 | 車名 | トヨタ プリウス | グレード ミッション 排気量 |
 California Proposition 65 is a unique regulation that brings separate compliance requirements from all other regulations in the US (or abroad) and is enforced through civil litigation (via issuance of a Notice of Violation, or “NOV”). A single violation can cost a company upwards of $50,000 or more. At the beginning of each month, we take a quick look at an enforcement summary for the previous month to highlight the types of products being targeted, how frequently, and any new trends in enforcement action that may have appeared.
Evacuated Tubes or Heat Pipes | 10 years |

...

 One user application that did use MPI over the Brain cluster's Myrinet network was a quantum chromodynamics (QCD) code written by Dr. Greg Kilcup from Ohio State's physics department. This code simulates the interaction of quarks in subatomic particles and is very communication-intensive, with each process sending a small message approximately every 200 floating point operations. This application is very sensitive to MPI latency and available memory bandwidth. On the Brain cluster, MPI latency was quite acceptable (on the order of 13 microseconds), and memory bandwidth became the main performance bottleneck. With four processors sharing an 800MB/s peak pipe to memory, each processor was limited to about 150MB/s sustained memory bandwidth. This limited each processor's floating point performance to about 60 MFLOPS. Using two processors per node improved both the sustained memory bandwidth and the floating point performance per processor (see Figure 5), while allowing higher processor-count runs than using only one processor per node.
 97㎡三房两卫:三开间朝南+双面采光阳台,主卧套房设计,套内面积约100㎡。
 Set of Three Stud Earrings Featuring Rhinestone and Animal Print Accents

** Requirement **
Could you reproduce exactly the lines of the entries above, from the one with "ミッション 排気量 |" through the one with "Evacuated Tubes or Heat Pipes | 10 years |", and nothing else?

** Answer **
 | 車名 | トヨタ プリウス | グレード ミッション 排気量 |
 California Proposition 65 is a unique regulation that brings separate compliance requirements from all other regulations in the US (or abroad) and is enforced through civil litigation (via issuance of a Notice of Violation, or “NOV”). A single violation can cost a company upwards of $50,000 or more. At the beginning of each month, we take a quick look at an enforcement summary for the previous month to highlight the types of products being targeted, how frequently, and any new trends in enforcement action that may have appeared.
Evacuated Tubes or Heat Pipes | 10 years |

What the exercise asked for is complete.